However, I just now realized that I should have uncommented CONFIG_ATH_DEBUG. I will try that now and report back.
Comment 43 Luis Chamberlain 2009-10-27 15:12:59 UTC
Yeah you also need CONFIG_ATH_DEBUG.
Comment 44 Bernhard 2009-10-27 15:44:13 UTC
ok. I seem to have another problem. I did the following

1) Installed kernel 2.6.31.5 from arch-repositories and rebooted (wlan device not detected as in #1)
2) downloaded and tarred bleeding edge compat-wireless
3) ran ./scripts/driver-select ath9k
4) make
5) changed config.mk (diff to original: http://pastebin.com/f52bb030)
6) make install

-> here something strange happened. I realized two warning messages about ath_print not defined in ath9k_hw.ko and ath9k.ko) but install went through
7) make unload
8) modprobe ath9k -> dmesg-output: http://pastebin.com/f61a00fab

9) rebooted: -> dmesg-output after reboot: http://pastebin.com/f218d1390

so it seems that due to enabling CONFIG_ATH_DEBUG all wlan-specifig output is gone from dmesg....
Comment 45 Luis Chamberlain 2009-10-27 15:57:07 UTC
4) make
5) changed config.mk (diff to original: http://pastebin.com/f52bb030)
6) make install


This order is incorrect.
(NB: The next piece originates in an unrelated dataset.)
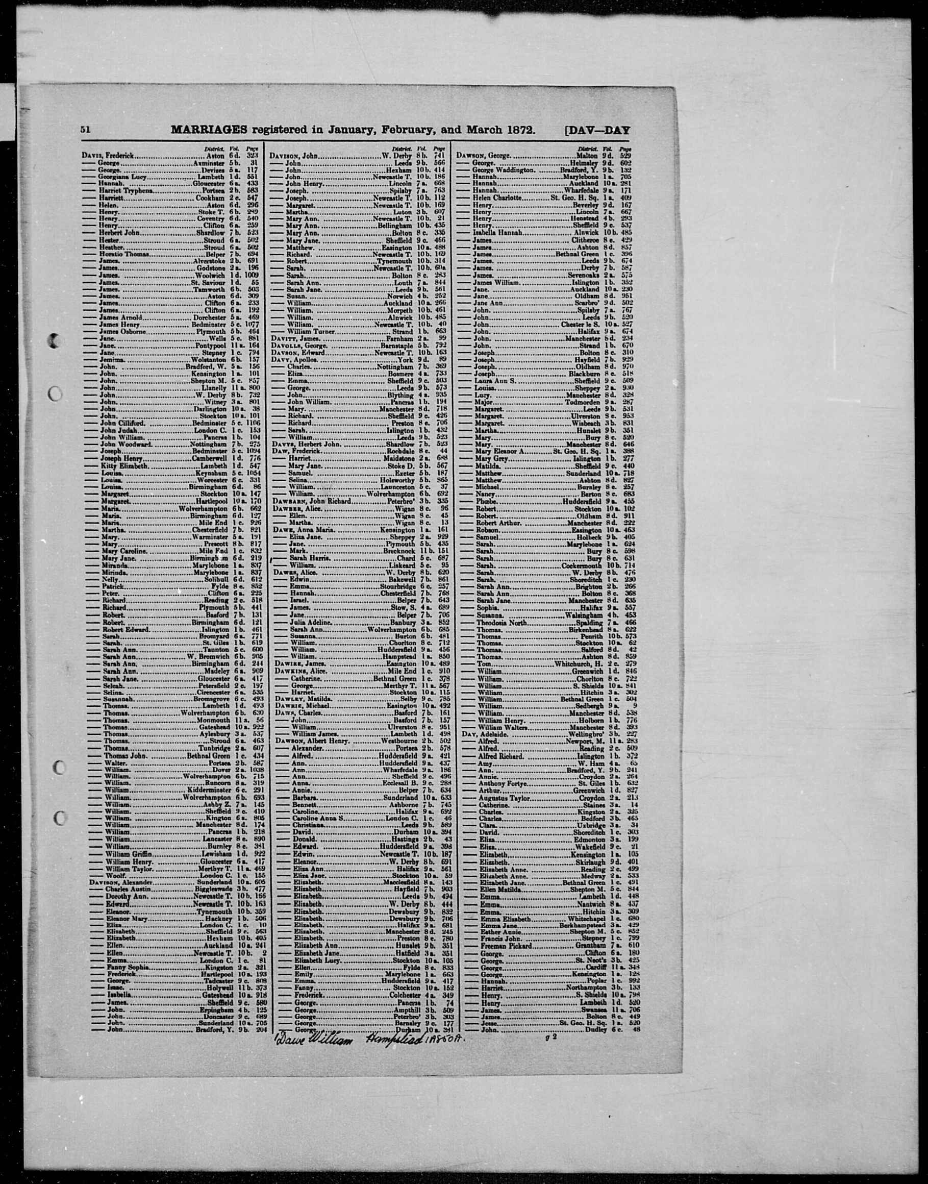 | Marriage* | 14 May 1771 | He married Elizabeth Clark on 14 May 1771 at (Hebron) Hebburn, Northumberland, England; Marriage John Davison and Elizabeth Clark, Bothal wit John James,Martha Reed Banns @ Bothal John Davison, Hebron & Elisabeth Clark, May 12 1771.1 Familysearch.org John Davison England, Marriages, 1538–1973 marriage: 1771 Hebron,? Northumberland,? England spouse: Elizabeth Clark groom's name: John Davison bride's name: Elizabeth Clark marriage date: 1771 marriage place: Hebron, Northumberland, England indexing project (batch) number: M00101-3 system origin: England-VR source film number: 1068646 |

You should do it in this order:

4) changed config.mk (diff to original: http://pastebin.com/f52bb030)
5) make
6) make install
Comment 46 Bernhard 2009-10-27 16:03:04 UTC
sorry, I made an error copy and pasting. Of course I edited config.mk before make && make install.

sorry for the confusion.
Comment 47 Luis Chamberlain 2009-10-27 16:09:26 UTC
So ath_print comes from ath.ko -- can you run

modprobe -l ath

What do you get?

We need to ensure you are building ath.ko on compat-wireless, you can ensure this by having:

CONFIG_ATH_COMMON=m
CONFIG_ATH_DEBUG=y
Comment 48 Bernhard 2009-10-27 17:07:26 UTC
Hi,

I have not enabled everything suggested here:
CONFIG_ATH9K=m
CONFIG_ATH9K_DEBUG=y
CONFIG_ATH_COMMON=m
CONFIG_ATH_DEBUG=y

While doing make: (building modules, stage 2:) the following warnings occured:

WARNING: "ath_print" [/home/bernhard/compat/compat-wireless-2009-10-27/drivers/net/wireless/ath/ath9k/ath9k_hw.ko] undefined!
WARNING: "ath_print" [/home/bernhard/compat/compat-wireless-2009-10-27/drivers/net/wireless/ath/ath9k/ath9k.ko] undefined!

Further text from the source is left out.